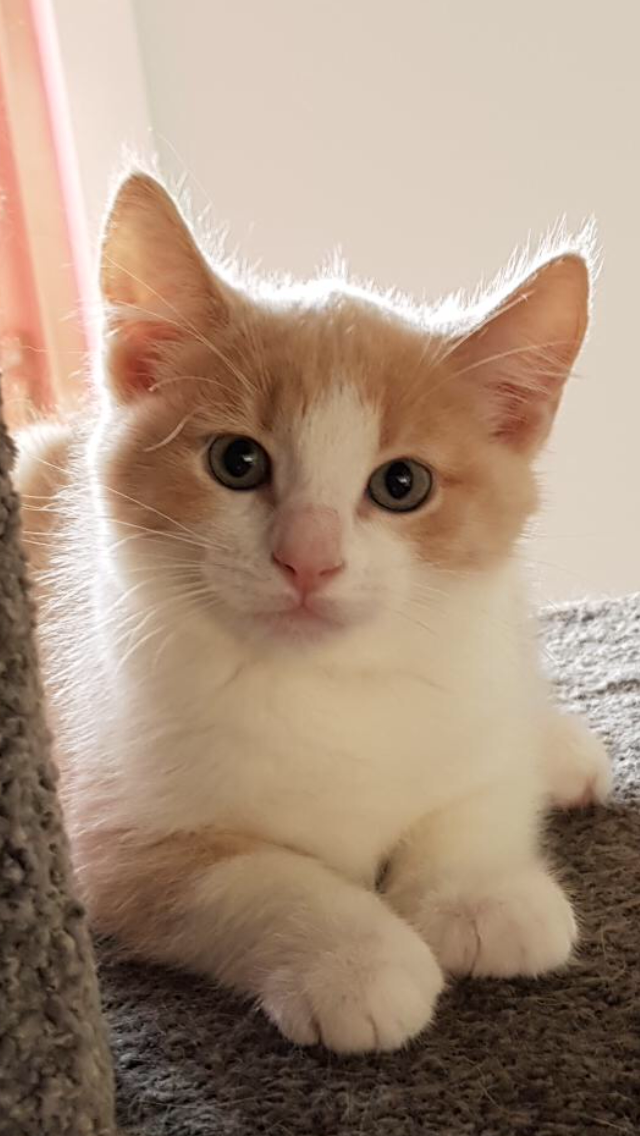 Pretty as a picture Latte is confident and playful, she will explore every inch of the house and will constantly be pouncing on invisible creatures. Her favorite toy is a Kong cat teaser that she will never tire of.
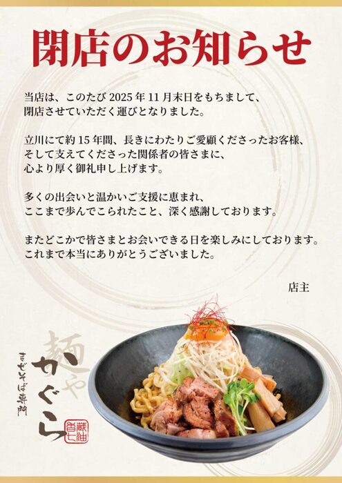 立川駅南口・WINS通りぞいにある『まぜそば専門 かぐら』が閉店するようです。
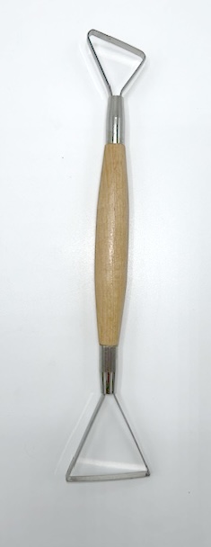 This Ribbon Tool is designed for pottery and sculpture work, these tools have sharpened stainless steel beveled ribbon ends attached to hardwood handles. 23,5 cm. Ribbons are 4,5 x 4,3 cm and 3 x 3 cm.
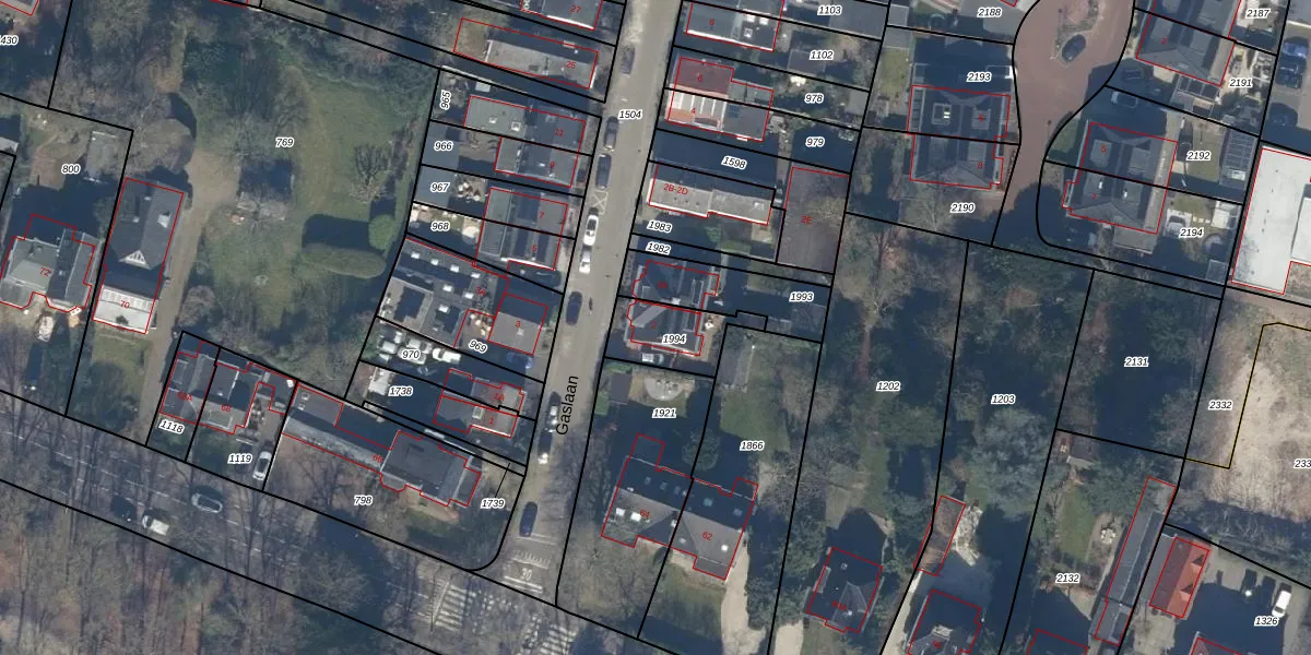 Het perceel waarop Gaslaan 2 staat heeft een oppervlakte van 181 m². Dit is een middelgroot perceel. De perceeloppervlakte wordt geregistreerd door het Kadaster. Gedetailleerde informatie over de maten van dit perceel kunt u vinden in het rapport Kadastrale kaart met maatvoering van Gaslaan 2.
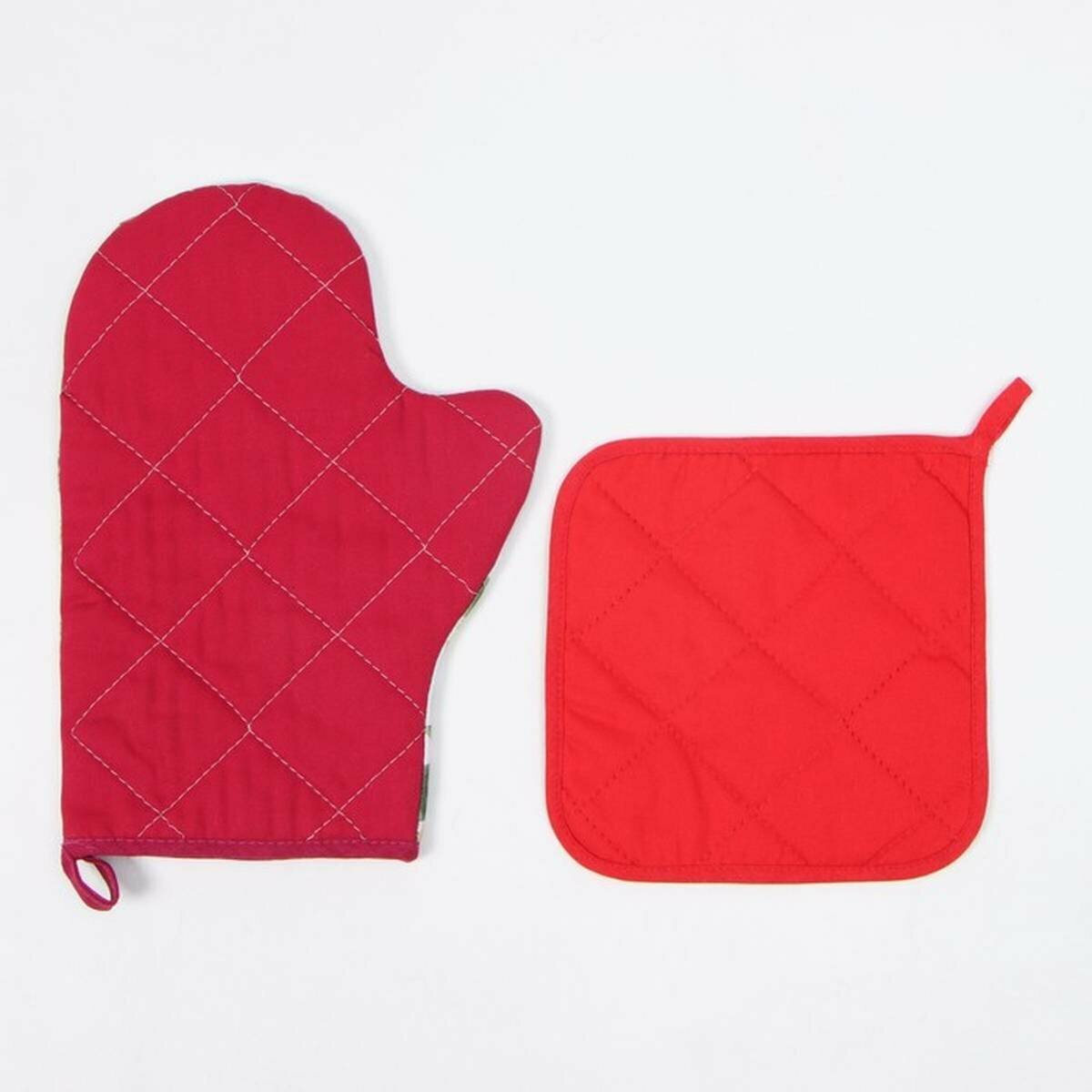 Новый год. Набор кухонный Этель "Рождественские ветки": прихватка 19х19 см, варежка-прихватка 20х28 см, 100
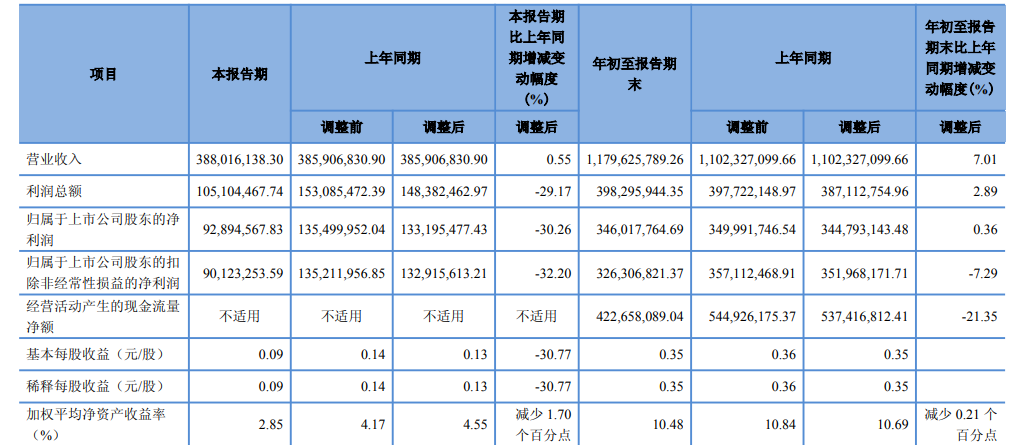 业绩方面,2025年前三季度,公司实现营业收入11.80亿元,同比增长7.01%;归母净利润为3.46亿元,同比增长0.36%。但第三季度,公司归母净利润为9289.46万元,同比下滑30.26%。
______
▶ **ACTIVITY**
Only the lines from the one containing "Het perceel waarop" through the final line of the entries belong in the copy, both ends included. Pictures stay out.

▶ **RESULT FOR THIS TASK**
 Het perceel waarop Gaslaan 2 staat heeft een oppervlakte van 181 m². Dit is een middelgroot perceel. De perceeloppervlakte wordt geregistreerd door het Kadaster. Gedetailleerde informatie over de maten van dit perceel kunt u vinden in het rapport Kadastrale kaart met maatvoering van Gaslaan 2.
 Новый год. Набор кухонный Этель "Рождественские ветки": прихватка 19х19 см, варежка-прихватка 20х28 см, 100
 业绩方面,2025年前三季度,公司实现营业收入11.80亿元,同比增长7.01%;归母净利润为3.46亿元,同比增长0.36%。但第三季度,公司归母净利润为9289.46万元,同比下滑30.26%。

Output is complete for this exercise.